YOUR FETTERS FALL AWAY

In the Mysticism of Sound, Hazrat Inayat Khan, a 19th-century Sufi teacher, describes a "sound of the abstract" that fills all space, that is always "within, around and about man". "It sounds like thunder, the roaring of the sea, the jingling of the bells, the running water, the buzzing of the bees, the twittering of sparrows, the vina, the whistle...." And psychedelic trance (tktk all one sentence?).

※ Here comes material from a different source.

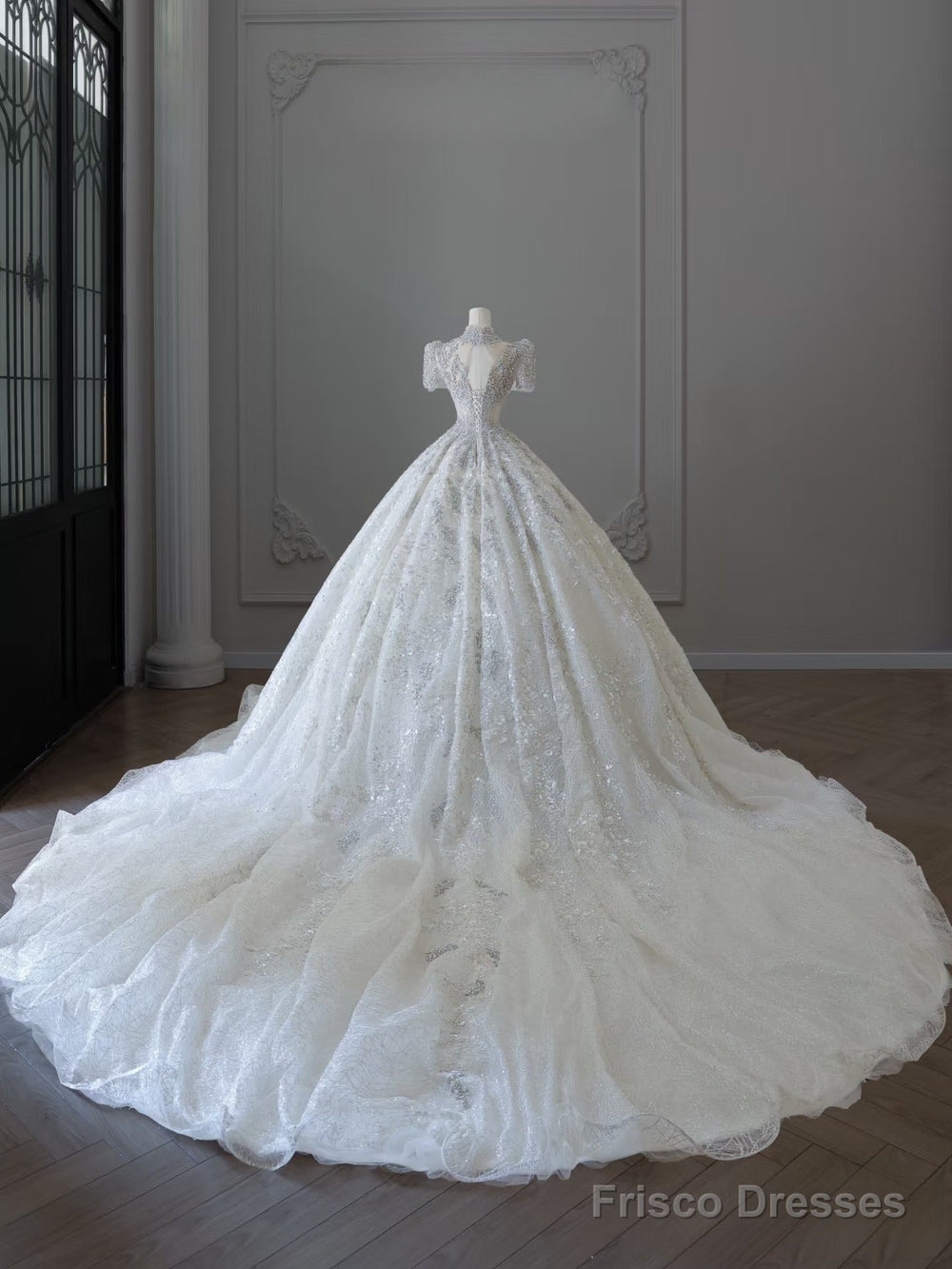Timeless Ball Gown Jewel Neckline Sequin Half Sleeves Wedding Dress Bridal Dresses

The Sufi word for the sound of the Abstract suggests intoxication. Those who hear it become filled with joy, exaltation, and freedom: they are "relieved from all worries, anxieties, sorrows, fears and disease... the soul of the listener becomes the all-pervading consciousness." Simply put: dancers feel the most alive when they're dancing, and like the tolling of church bells, psy-trance leads devotees to reflections of the inner life. If the face of rave music is the face of a teenager sucking on a neon pacifier, the face of psy-trance is the graven face of the painted shaman staring, wild-eyed, into the great abyss.
Psy-trance tracks are voyages into unfamiliar territory: for some it is the psyche, for others the soul, consciousness, outer space, or the depths of sound. DJs who have stayed psychedelic since the '60s, who have seen, weathered and spun it all, hit the decks as if they were witch doctors performing sacred magic. In a way they are: trippy technoshamans see psy-trance as a kind of cathartic reconnective therapy. Psy-trance has brought subjective experience to Western science. At long last. But it has no answers: it is only a way, for some, to find them.

Modern technology has been stolen by a worldwide counterculture cult of neo-hippies bent on bringing the fire back to their outback pagan dancing circles. And why not? Technology has helped us discover what has never been found: it is also useful for uncovering what has recently been lost. If psy-trance promotes any one idea, it is this: infinite excursions. Psy-trance belongs, in essence, to the genre of exploration-and to the perspectives it awards to those not too busy to go on trips.

It is hard to imagine that some day psychedelic trance could pipe from car radios, elevators, or occupy even the number ten spot on MTV's Total Request Line. For psychedelic music to become mainstream-and retain its spirit-people will have to change the way they think. It's happened before. But it won't happen overnight.
In the meantime, psychedelic trance still rocks electronic music's deepest underground. The party's still the worth the drive, and the music still worth downloading. One thing is certain: the underground's underground is already out there somewhere, thumping in an urban basement, rocking from backwater bar, streaming over a teen's T-1-or beating from within the jungle's darkest heart.